ESTs simultaneously tantalize and frustrate. They offer a rapid and inexpensive route to gene discovery (Adams et al. 1991, 1992; Okubo et al. 1991; Matsubara and Okubo 1993; Vasmatzis et al. 1998), reveal expression and regulation data (Vasmatzis et al. 1998), highlight transcript sequence diversity and splicing (Wolfberg and Landsman 1997), and may identify more than half of known human genes (Hillier et al. 1996). The price of the high-volume and high-throughput nature of the data is that ESTs contain high error rates (Aaronson et al. 1996), do not have a defined protein product, are not curated in a highly annotated form, and present only a raw substrate for sequence matching.

Several systems are being developed to organize and thereby enrich publicly available ESTs, and each has used a novel approach successful in terms of its own goals. Current indices such as TIGR Human Gene Index (http://www.tigr.org) and EST cluster databases such as UniGene (Boguski et al. 1995; Schuler et al. 1996) discard noisy information during their production and rely on longest informative ESTs, significant transcript matches, or joined genomic exons to seed index classes.

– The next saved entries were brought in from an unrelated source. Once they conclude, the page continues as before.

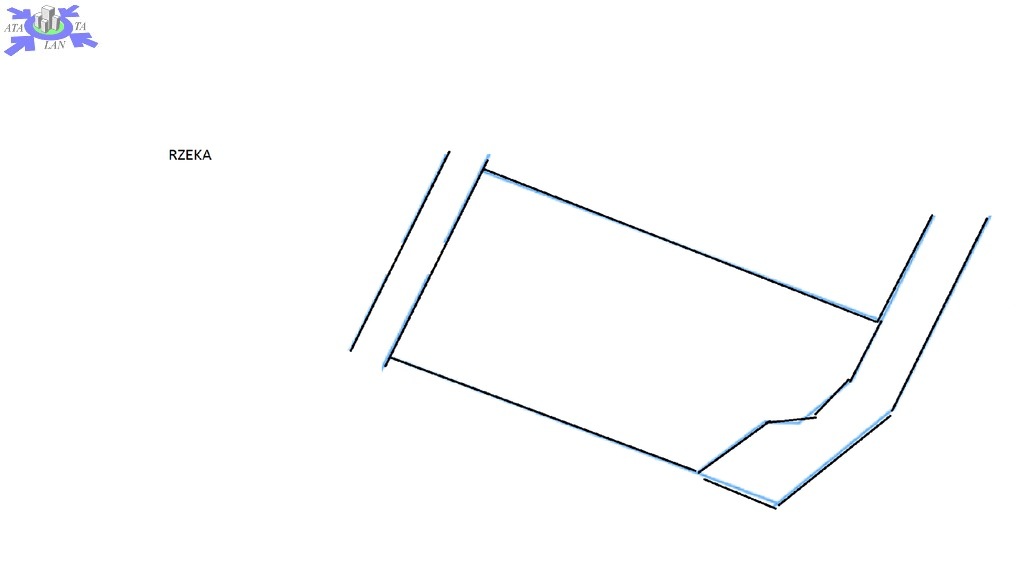 Szerokość działki od strony rzeki 34 m długość 52/67 m.
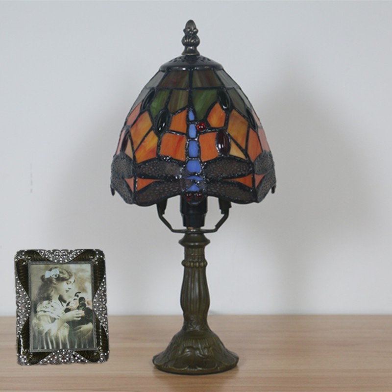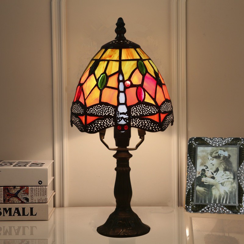 15 cm Eiropas vitrāžas spāres stila Tiffany galda lampa
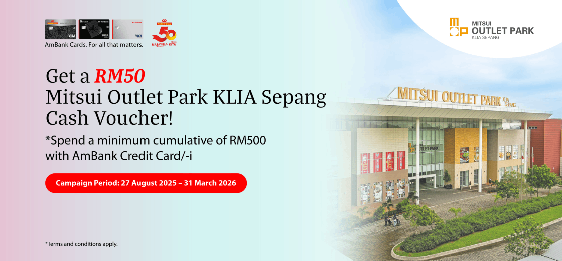 Spend a minimum of RM500 with your AmBank Credit Card/-i to redeem RM50 Mitsui Outlet Park KLIA Sepang Cash Voucher!
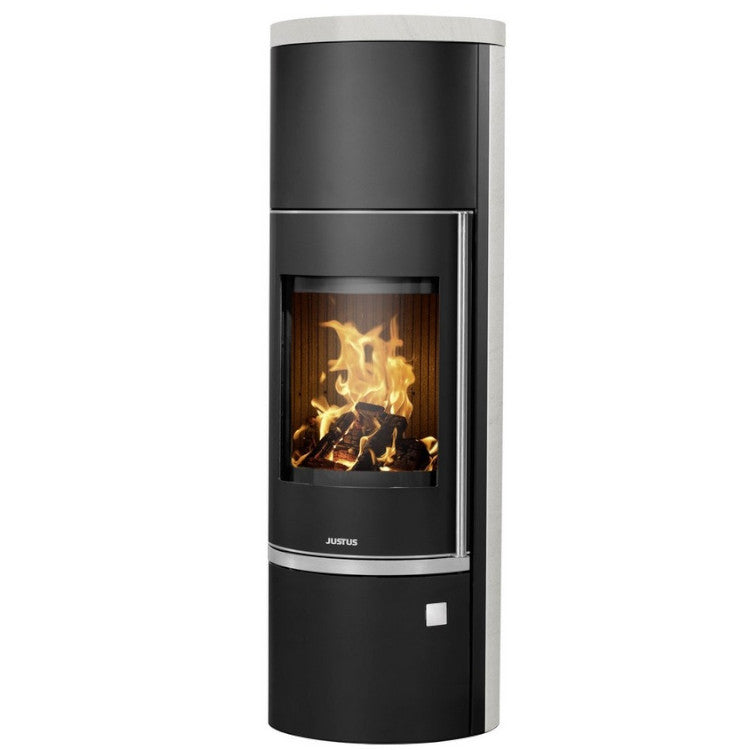 Justus | Kaminofen | Faro W+ 2.0 | 7 kW | Stahl Schwarz, Kalkstein Bianco
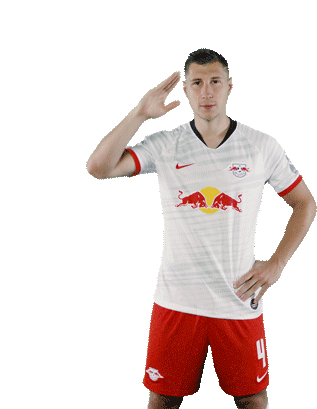Willi Orban of RB Leipzig performs a crisp salute, acknowledging fans or showing respect.
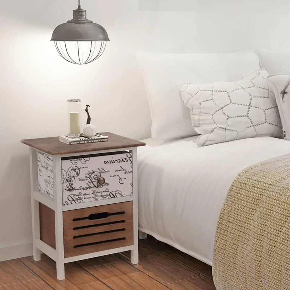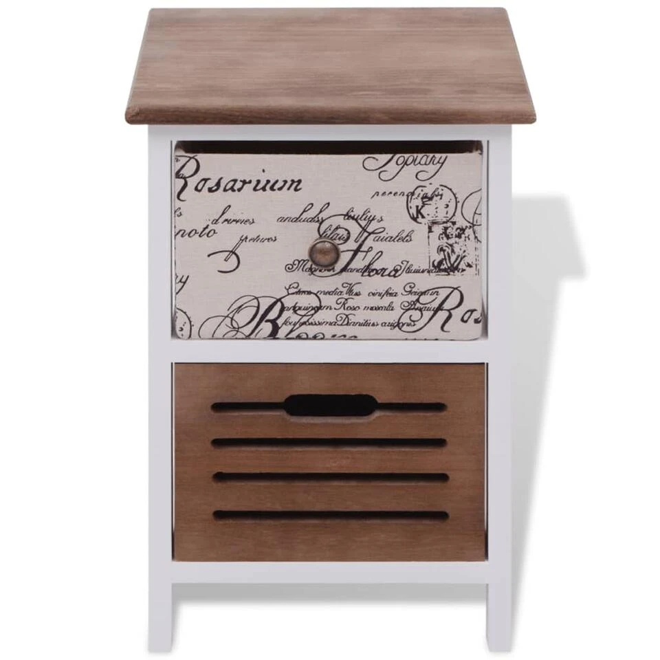 Dit compacte kastje is vakkundig gemaakt. Het heeft 2 lades, die meer dan voldoende ruimte bieden om kleine spullen binnen handbereik op te bergen. De vintage landelijke stijl afdruk draagt bij aan de landelijke charme van de kast.
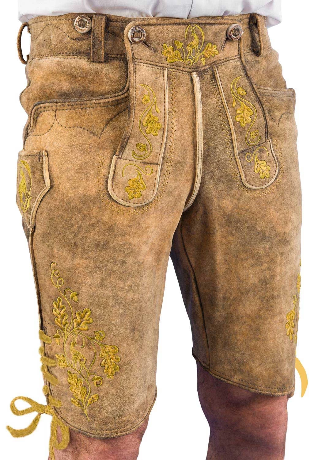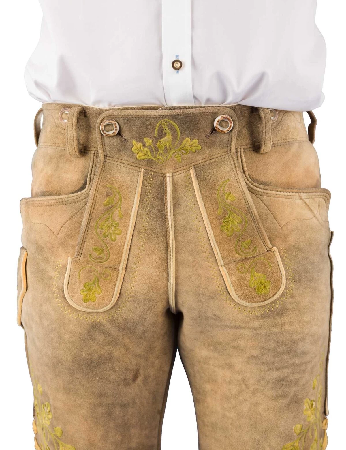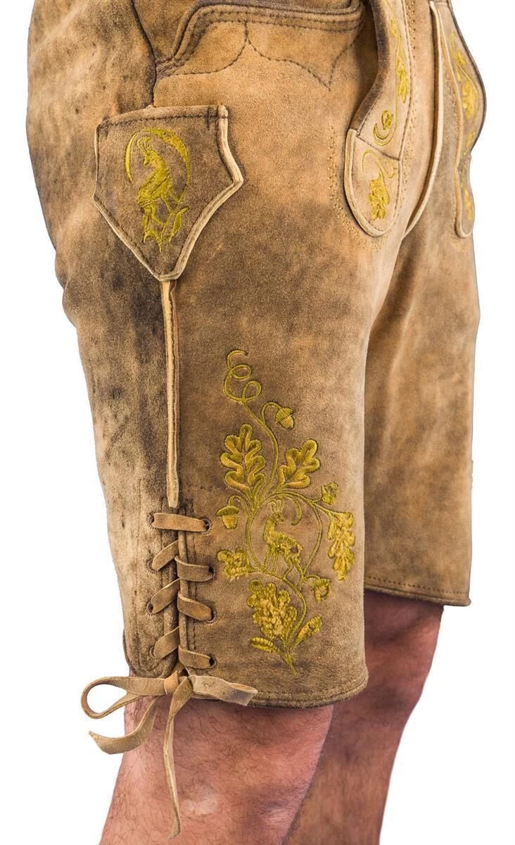 Ebenso erstklassig ist die Verarbeitung. Wulstige Säcklernähte zeigen das Innere des Leders, sind ein Zeichen für hervorragende Lederhosen und halten eine Ewigkeit. Hirschhornknöpfe sind mit Lederbändern angenäht. Schnürungen an den Hosenbeinen und im Rücken sorgen dafür, dass Sie die Lederhose immer wieder Ihrem Körper anpassen können. Die Lederhose Wildschütz ist eine Investition, die sich durch Tragekomfort und Langlebigkeit auf jeden Fall auszahlt.
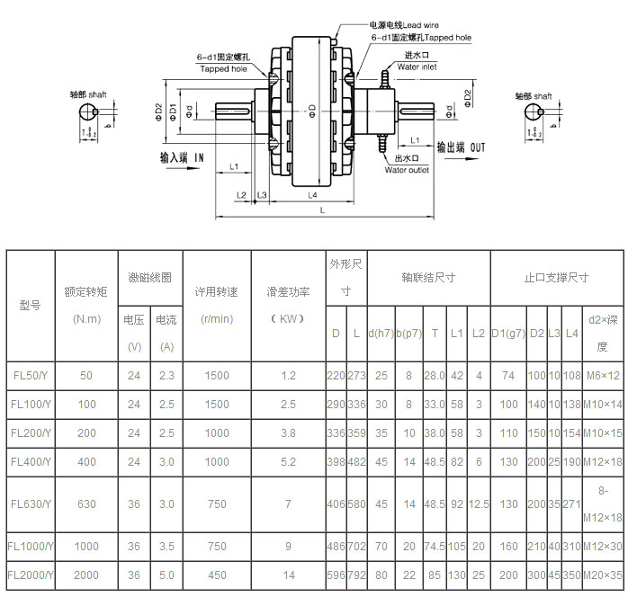 FL/Y型( 軸輸入、軸輸出、止口支撐、水冷卻)磁粉離合器
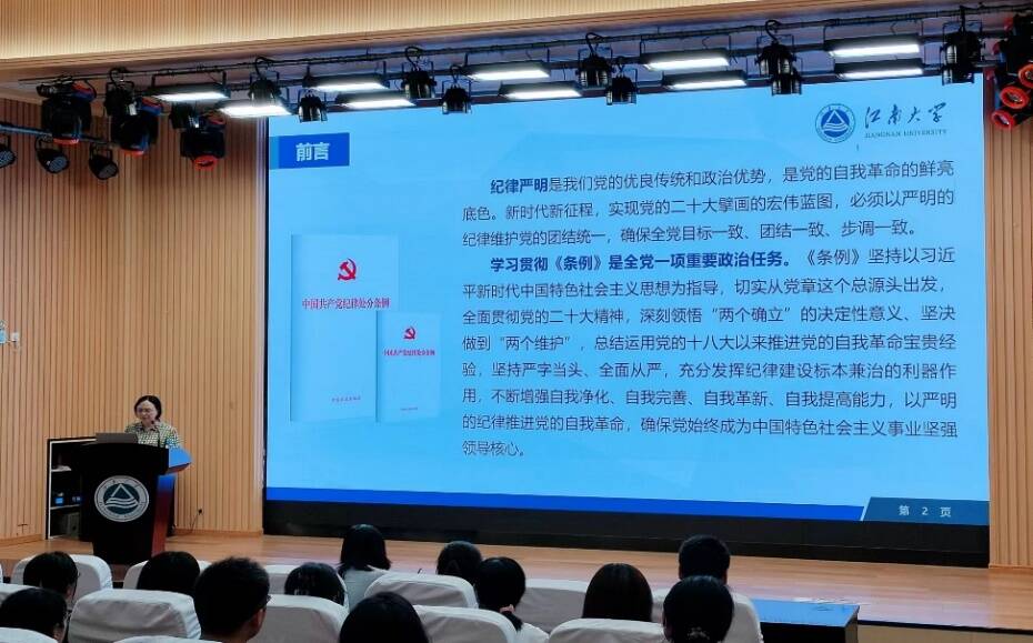 党委书记向琪为护理系党支部、基础医学系党支部、护理硕士生第一党支部、护理硕士生第二党支部和博士生党支部全体党员讲授专题党课。本次党课旨在推动党纪学习教育走深走实,进一步强化党员的纪律意识,提高党员的政治站位,加强党支部的纪律建设。
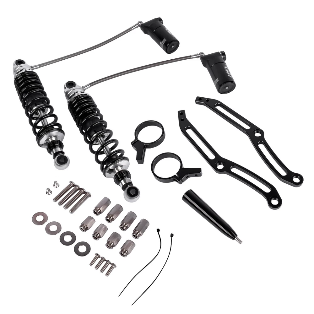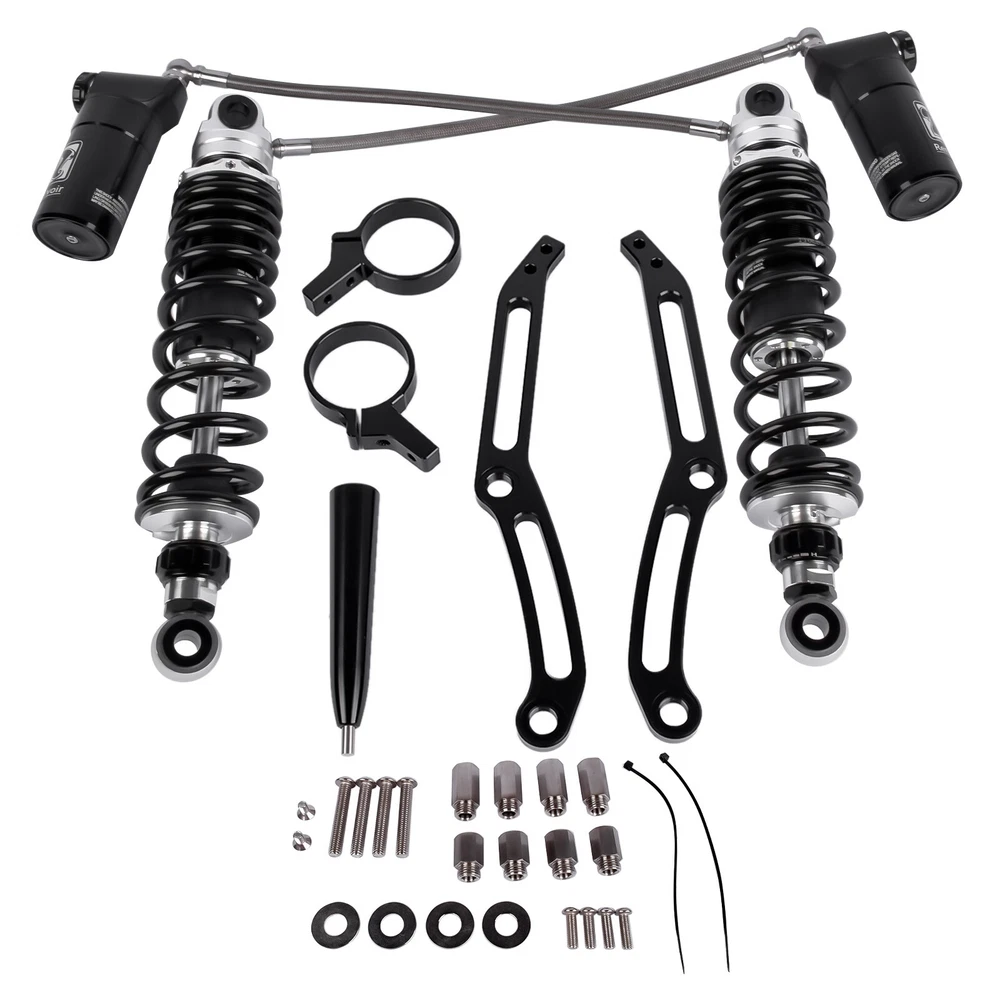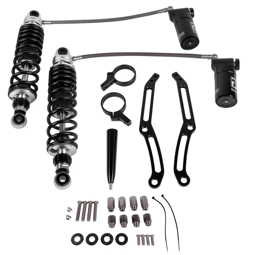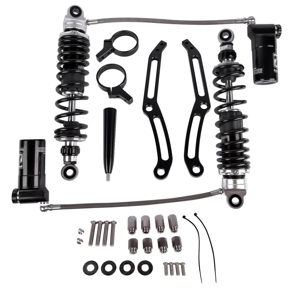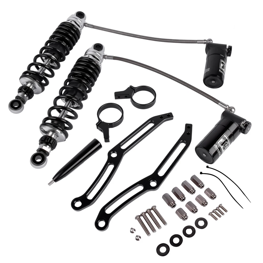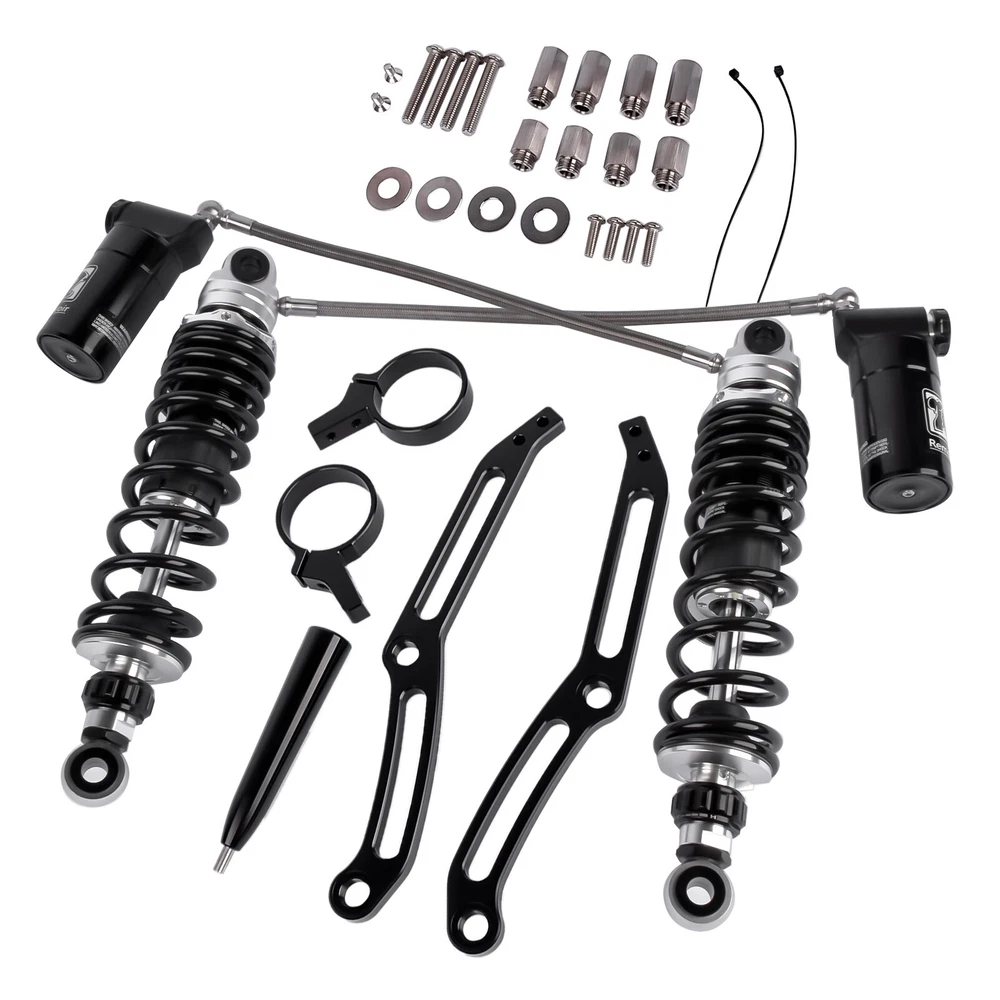 Remote Reservoir Rear Shock Absorbers for Harley Touring Glide 2014-2024 Black
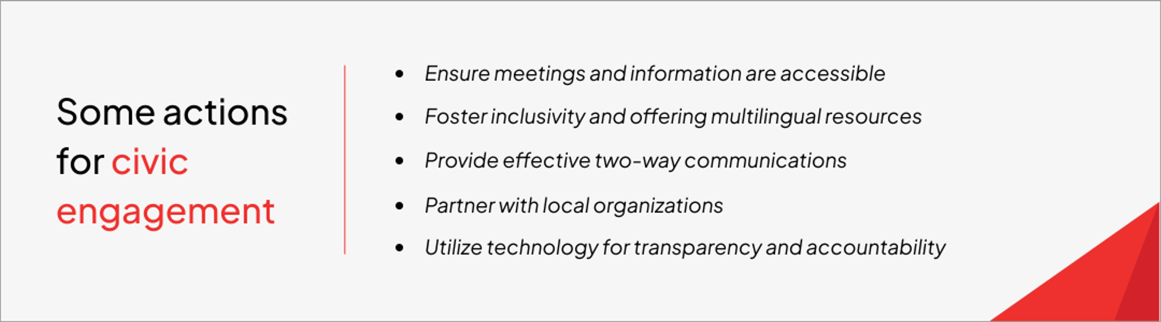 A more engaged citizenry will yield positive benefits such as greater public trust and transparency, better decision-making, economic advantages as well as improved public services and policies. Communities are also more likely to be united around common goals when citizens are fully engaged.
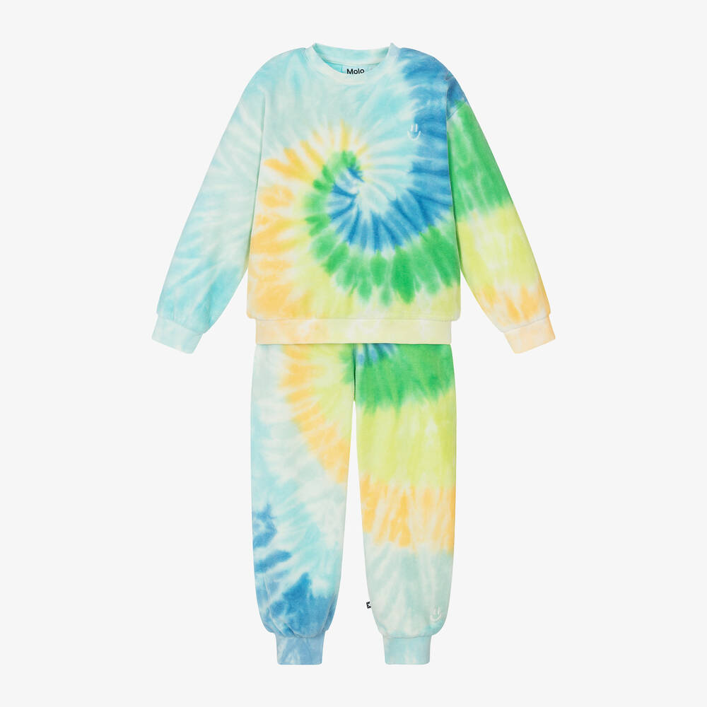A blue, green and yellow tracksuit for boys and girls by Molo, made from soft organic cotton towelling. Both items are patterned in a vibrant tie-dye design with an embroidered smiling face for a fun, contemporary look. Great for lounging in, the long-sleeved sweatshirt has poppers on one shoulder and the joggers have an adjustable drawstring waist.
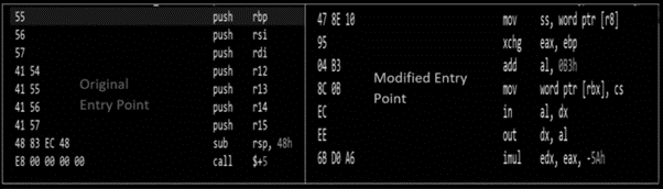 Ws2_32.dllBendyBear uses polymorphic code and its footprint changes during the code execution to avoid forensics and memory analysis and thus evading signature. Figure 2 below shows an example of the shellcode main entry point before and during runtime execution.
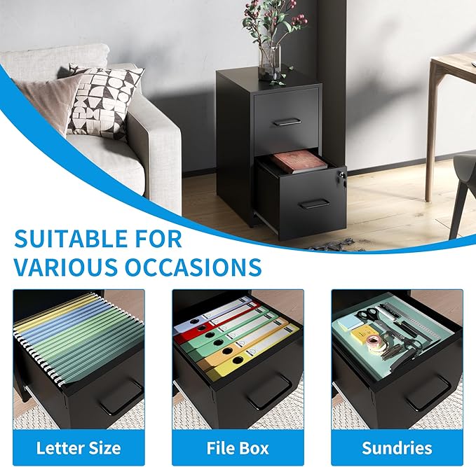 - 【Safety & Security】 One lock with 2 keys secures all 2 drawers, this steel locking file cabinet ensures the safety of your confidential documents, offering peace of mind for both home and office use.
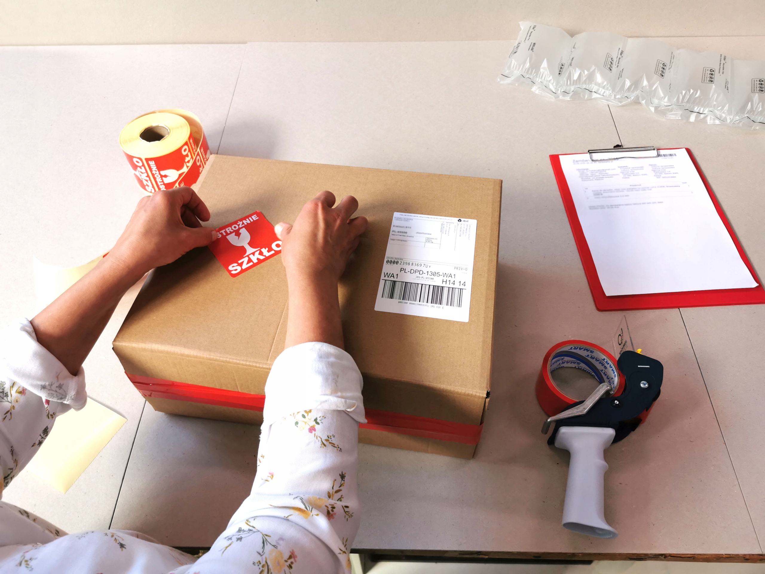 - Все упаковки маркируются этикетками «Осторожно на стекле».
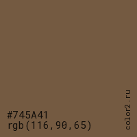 Цвет #745A41 в цветовой модели RGB обозначается тремя октетами (116, 90, 65) в десятичном формате и #745A41 в шестнадцатиричном (hex) формате, которые являются интенсивностью красного 116 (hex 74), интенсивность зелёного 90 (hex 5A) и интенсивность синего 65 (hex 41).

TIGR Human Gene Index (HGI; http://www.tigr.org) uses the strict assembly method of TIGR_ASSEMBLER (Sutton et al. 1995), tightly grouping highly related sequences and, consequently, producing accurate consensus sequences with a minimum of chimerism or other contamination. The method strictly discards under-represented and divergent or noisy sequences in favor of confidence based on transcript redundancy, but in doing so it generates “short” consensi and may eliminate related sequences that might provide examples of alternative splicing or other valuable forms of sequence diversity (Bouck et al. 1999). A complementary approach, as taken by UniGene (Boguski et al. 1995; Schuler et al. 1996), the Genexpress Index (Houlgatte et al. 1995), and the Merck Gene Index (Williamson et al. 1995), groups sequences into clusters based on sequence overlap above a given alignment threshold, accepting only the longest representative of an index class as its consensus.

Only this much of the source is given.